Treatment of chronic hepatitis C: current and future.

机构信息

Department of Virology, Hôpital Henri Mondor, Université Paris-Est, Créteil, France.

出版信息

Curr Top Microbiol Immunol. 2013;369:321-42. doi: 10.1007/978-3-642-27340-7_13.

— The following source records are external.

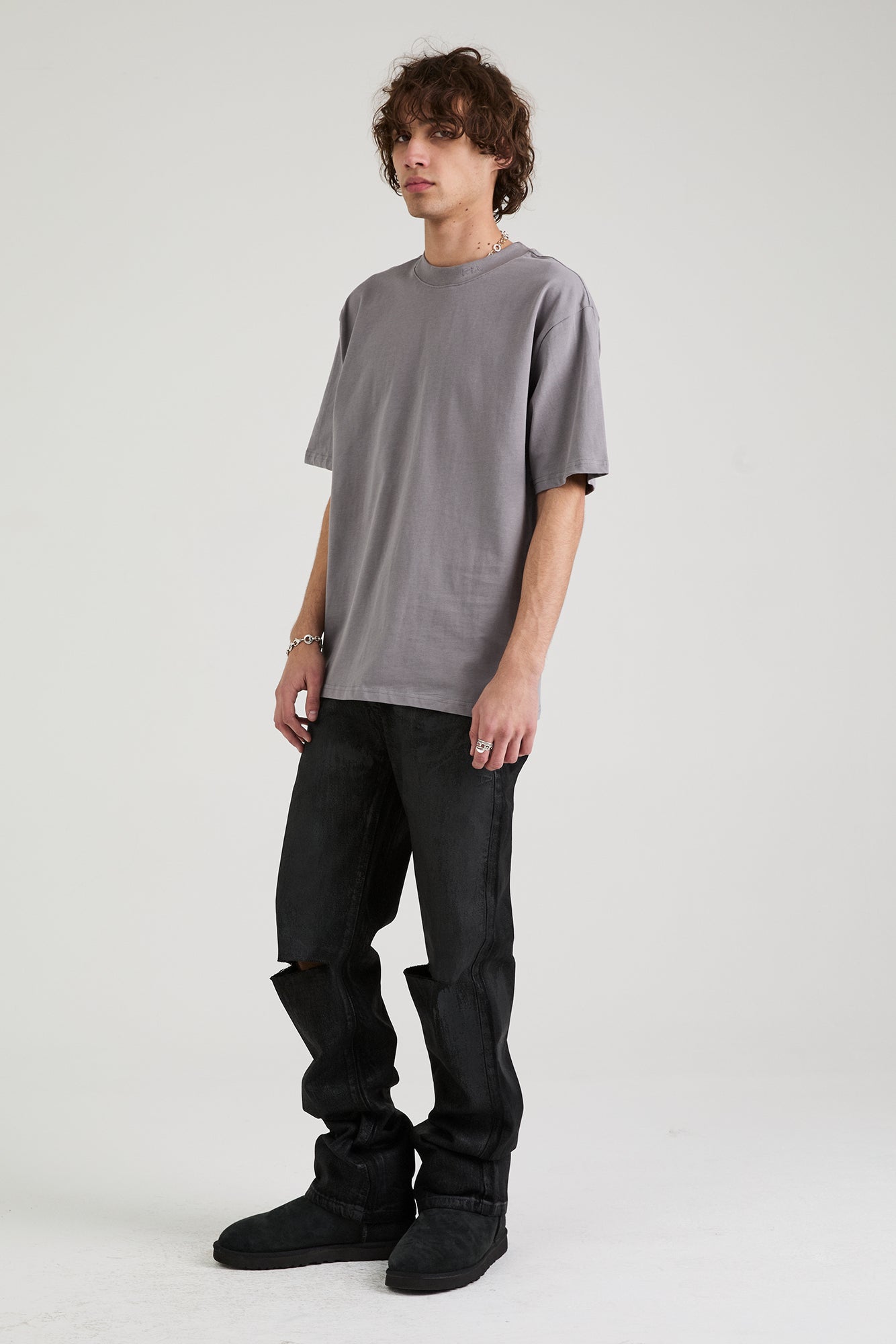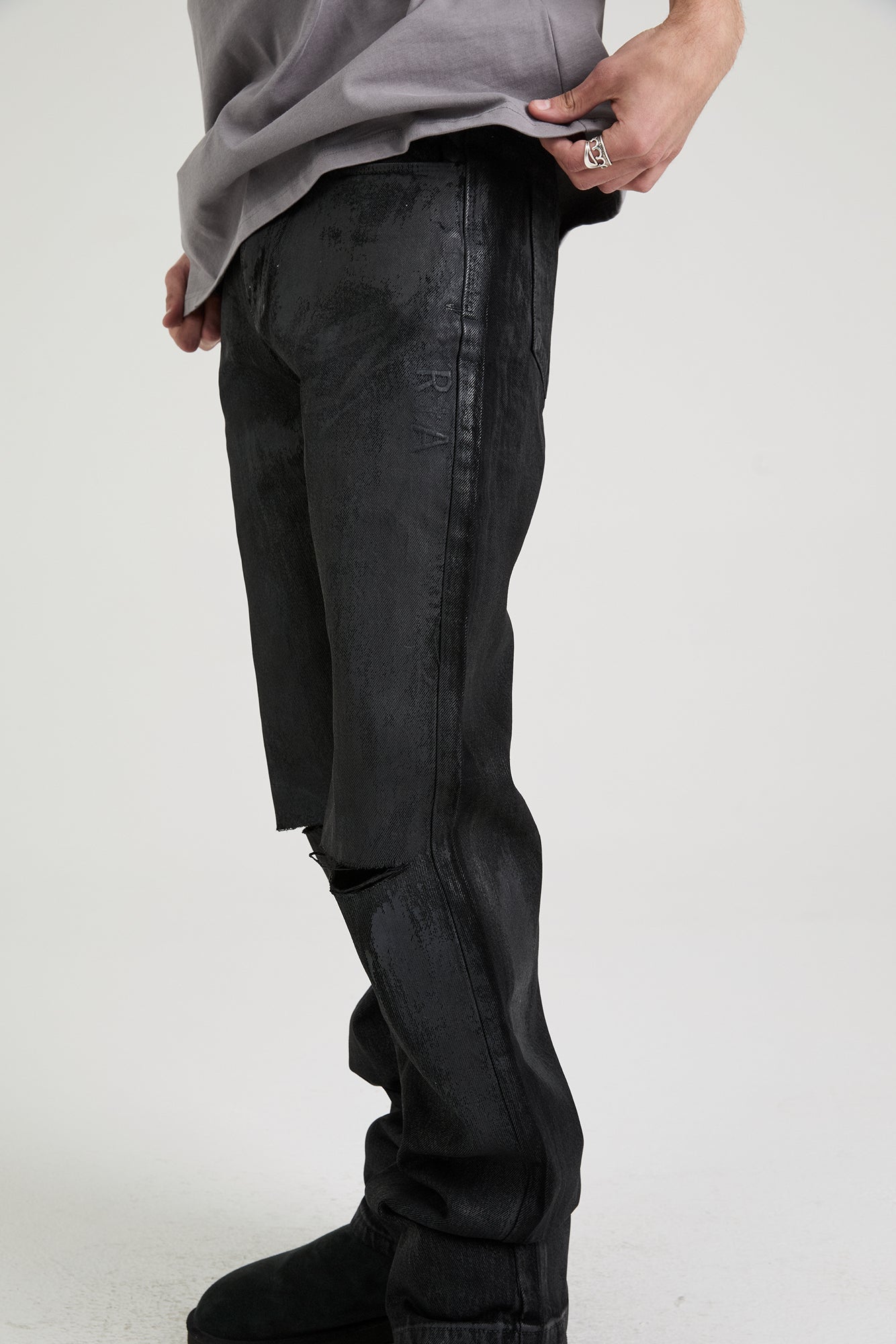 The Jonas Straight Leg Jean in Obsidian is crafted from high-quality denim. These jeans feature distressed detailing on the knees, a dark, marble wash, zip fly, button front closure, belt loops, round stitched front pockets, traditional style back pockets, the RTA logo stitched on the sides of both front pockets, and signature leather patch on the back waistband.
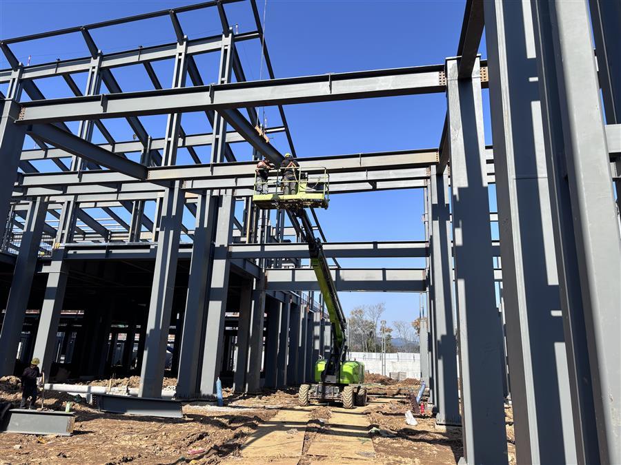 項目施工現(xiàn)場,機(jī)器轟鳴,工程車輛來回穿梭,工人們在各點位開展墊層、樓承板澆筑、鋼筋綁扎、栓釘焊接、基礎(chǔ)砌磚、屋面底板和鋼結(jié)構(gòu)梁柱安裝等施工作業(yè),處處涌現(xiàn)“冬忙”景象。
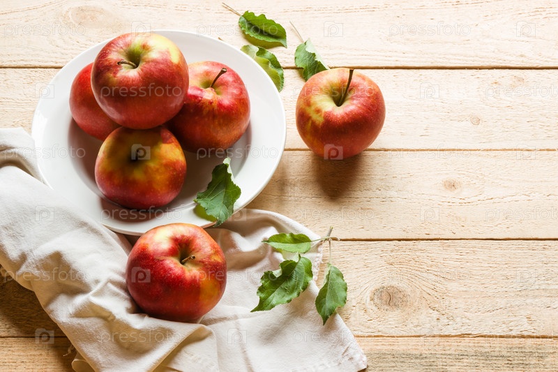 Спелые яблоки на белой тарелке на деревянном фоне. Яблоко уходит. Свободное место для текста. Малая глубина резкости
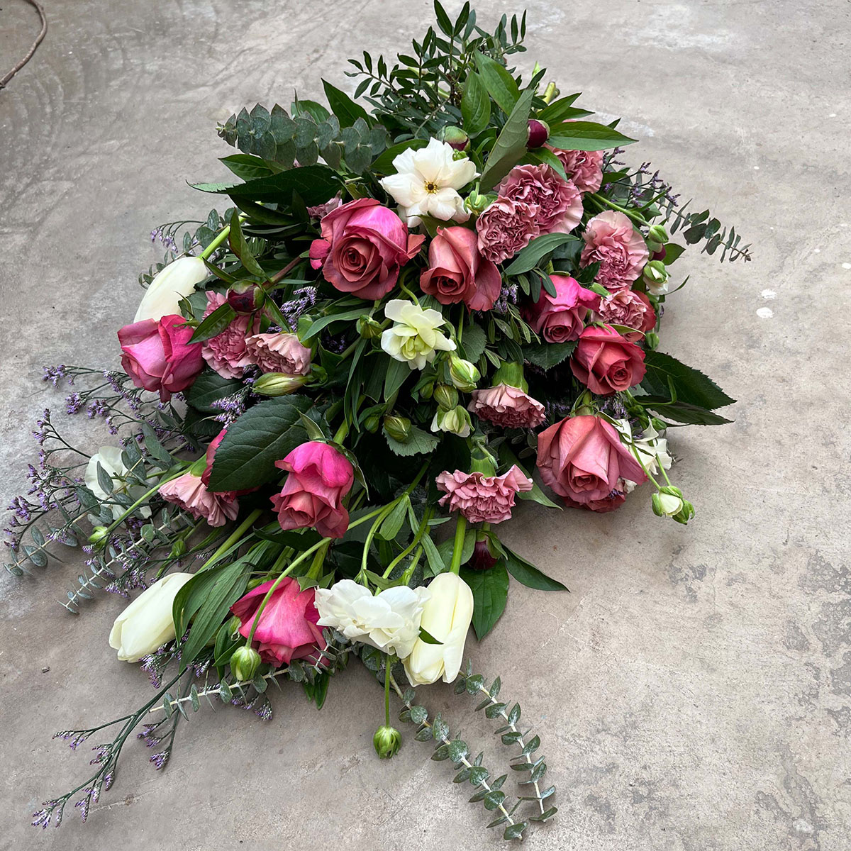 vårsäsong, franska tulpaner, fj’rilsranunkel, rosor, nejlikor, limonium, grönt
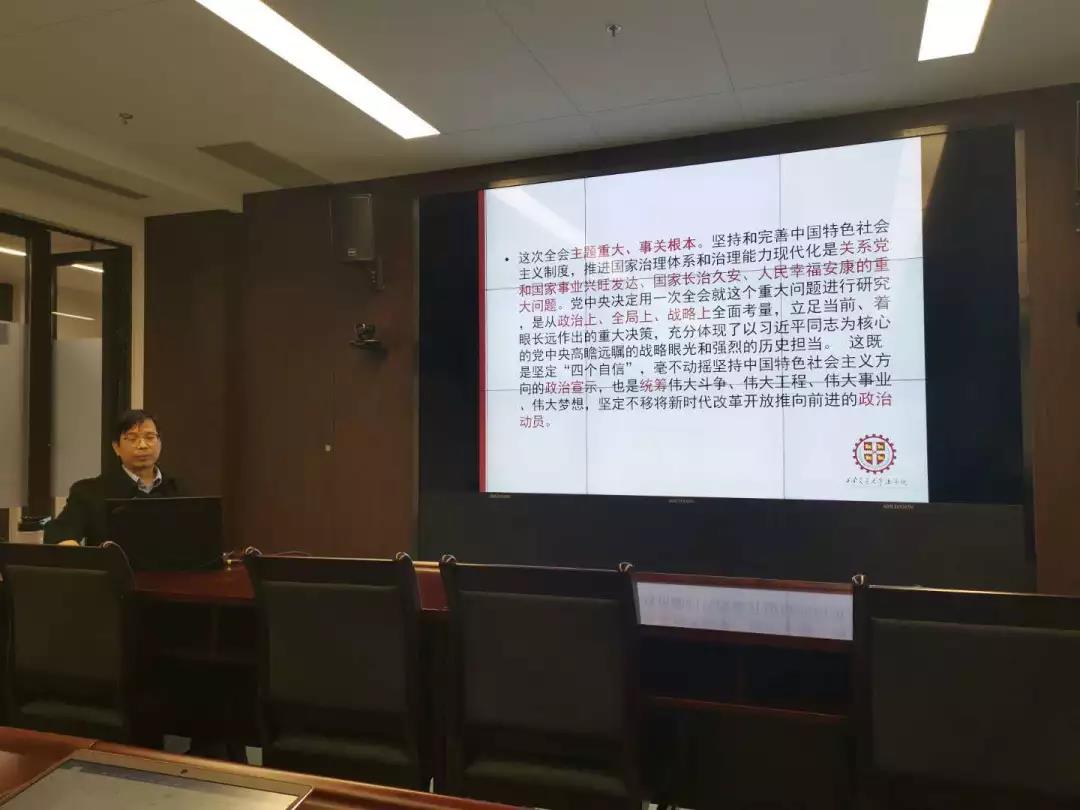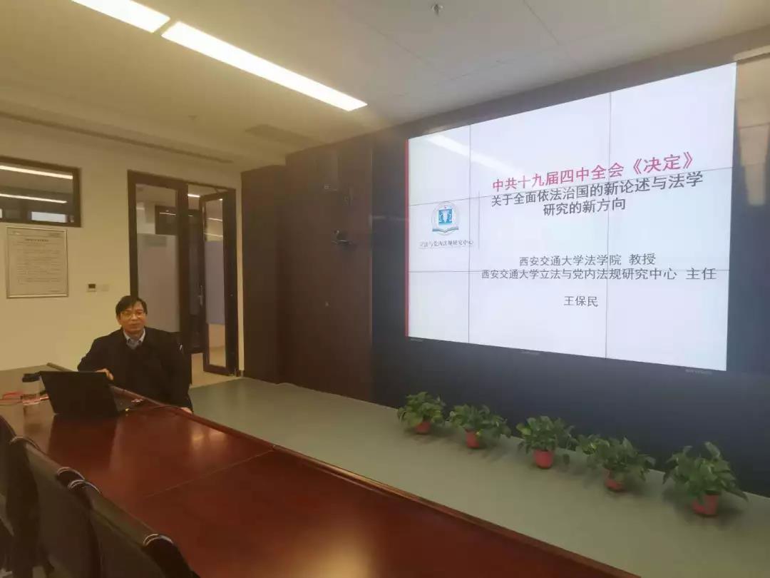 12月12日,k8体育·(sports)官方网站创新港系列学术讲座之“十九届四中全会关于全面依法治国的新论述与法学研究新方向”在创新港5号巨构10087教室顺利举行。k8体育·(sports)官方网站k8体育·(sports)官方网站党总支书记、k8体育·(sports)官方网站立法与党内法规研究中心主任王保民教授围绕中共十九届四中全会召开的基本情况和重要意义、《决定》中的高频词汇和理论亮点、《决定》关于全面依法治国的新论述、法学研究的新方向新热点等五个方面做了专题讲座。
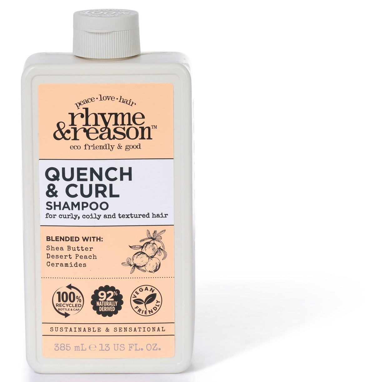Level up your curl care with Quench and Curl Shampoo designed for curly and coily textures. Packed with shea butter, desert peach, and ceramides, this vegan friendly formula hydrates, defines, and strengthens without harsh ingredients. It cleanses while locking in moisture for soft, bouncy curls that shine with health. Comes in a 13 fl oz. bottle
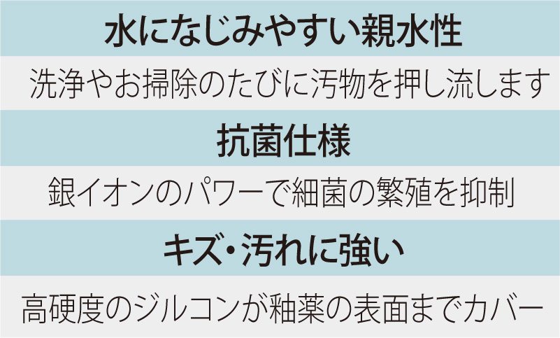 - 表面にキズが付きにくく、ISOに準拠した抗菌(銀イオン)パワーで細菌の繁殖も抑えられる、汚れに強い便器素材です。
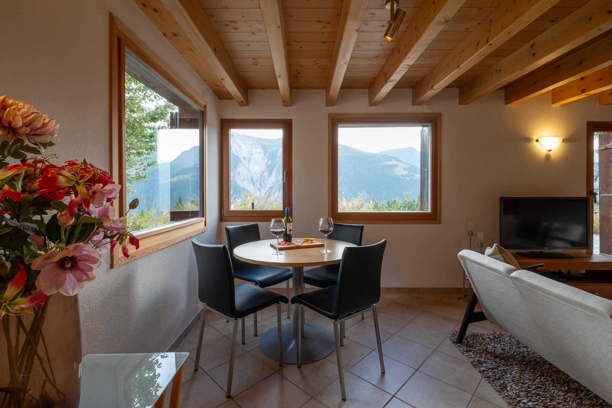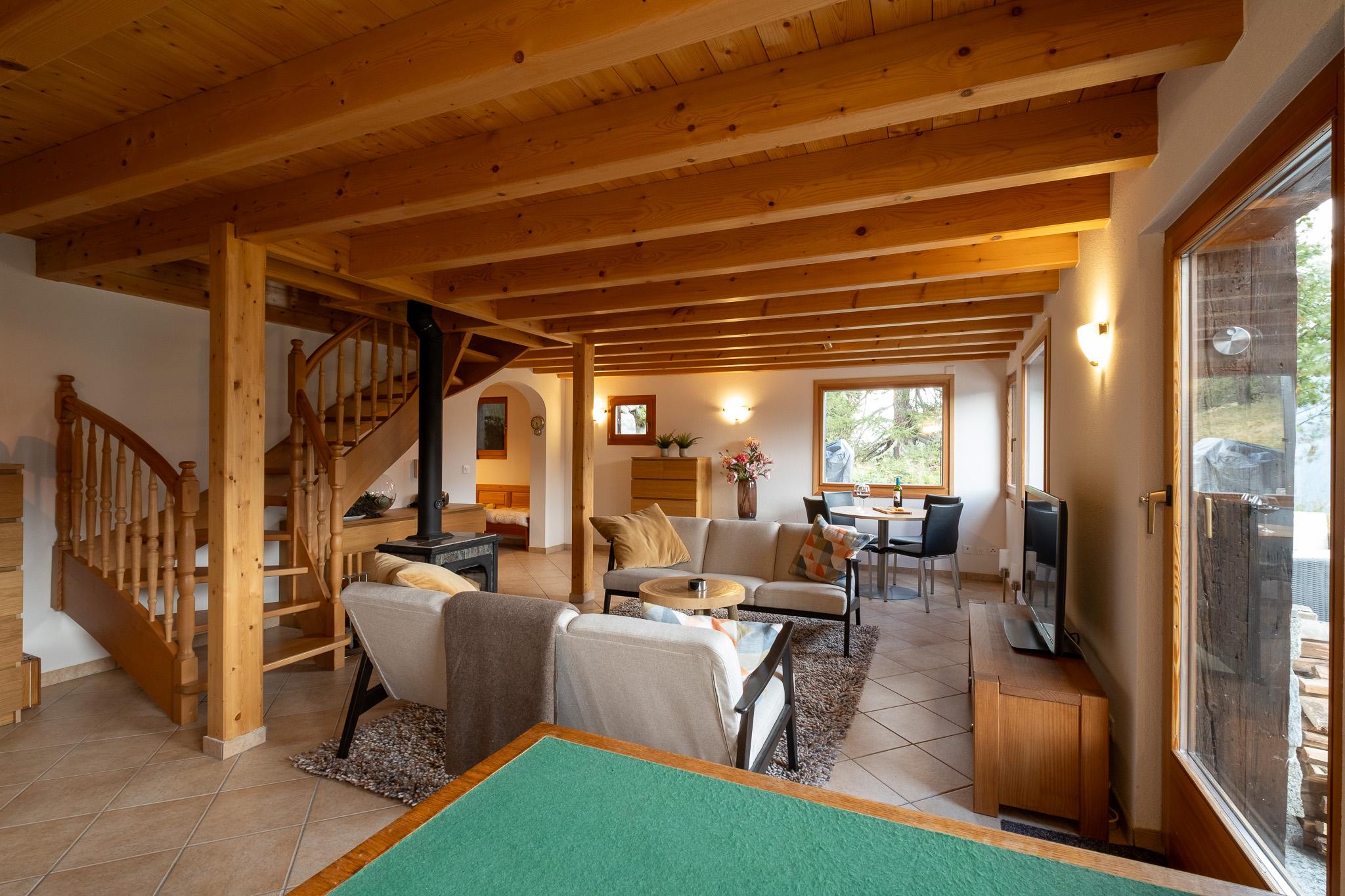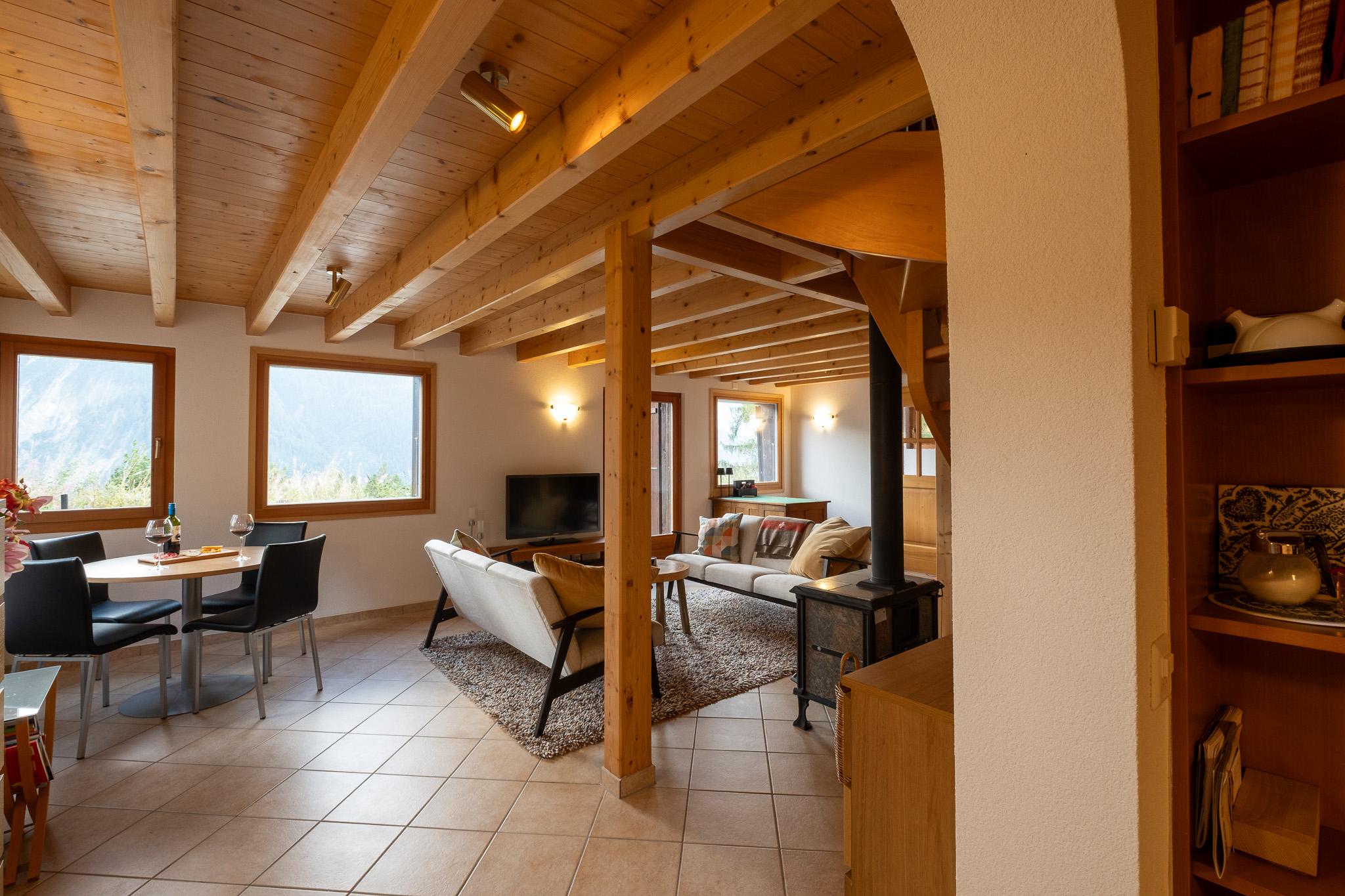 With a view of the Valais Alps, a fireplace in the living room, and a peace known only to the mountains, you can relax and reflect on the day.

DOI:10.1007/978-3-642-27340-7_13
PMID:23463207
Abstract

Resolution of the three-dimensional structures of several Hepatitis C virus (HCV) proteins, together with the development of replicative cell culture systems, has led to the identification of a number of potential targets for direct-acting antiviral agents (DAA). Numerous families of drugs that potently inhibit the HCV life cycle in vitro have been identified, and some of these molecules have reached early to late clinical development. Two NS3-4A protease inhibitors, telaprevir and boceprevir, were approved in Europe and the United States in 2011 in combination with pegylated interferon (IFN)-α and ribavirin for the treatment of chronic hepatitis C related to HCV genotype 1. A number of other DAAs are at the clinical developmental stage in combination with pegylated IFN-α and ribavirin or with other DAAs in IFN-free regimens, with or without ribavirin. They include second-wave, first-generation, and second-generation NS3-4A protease inhibitors, nucleoside/nucleotide analogue inhibitors, and non-nucleoside inhibitors of HCV RNA-dependent RNA polymerase, inhibitors of nonstructural protein 5A and host-targeted agents, such as cyclophilin A inhibitors and microRNA-122 antagonists. The proof of concept that IFN-free regimens can lead to HCV eradication has recently been brought. This chapter provides an overview of the current treatment of HCV infection and discusses the future of HCV therapy with new anti-HCV drugs.

摘要

几种丙型肝炎病毒(HCV)蛋白的三维结构的解析,以及复制细胞培养系统的发展,导致了一些直接作用抗病毒药物(DAA)的潜在靶标的确定。已经鉴定出了许多在体外能强烈抑制 HCV 生命周期的药物家族,其中一些分子已经进入早期到晚期临床开发阶段。两种 NS3-4A 蛋白酶抑制剂,telaprevir 和 boceprevir,于 2011 年在欧洲和美国获得批准,与聚乙二醇化干扰素(IFN)-α和利巴韦林联合用于治疗与 HCV 基因型 1 相关的慢性丙型肝炎。许多其他的 DAA 与聚乙二醇化 IFN-α和利巴韦林联合,或与无 IFN 的方案中的其他 DAA 联合,无论是否有利巴韦林,都处于临床开发阶段。它们包括第二代、第一代和第二代 NS3-4A 蛋白酶抑制剂、核苷/核苷酸类似物抑制剂、HCV RNA 依赖性 RNA 聚合酶的非核苷抑制剂、非结构蛋白 5A 的抑制剂和宿主靶向剂,如亲环素 A 抑制剂和 microRNA-122 拮抗剂。最近已经证明了无 IFN 方案可以导致 HCV 清除的概念。本章概述了目前 HCV 感染的治疗方法,并讨论了新的抗 HCV 药物对 HCV 治疗的未来。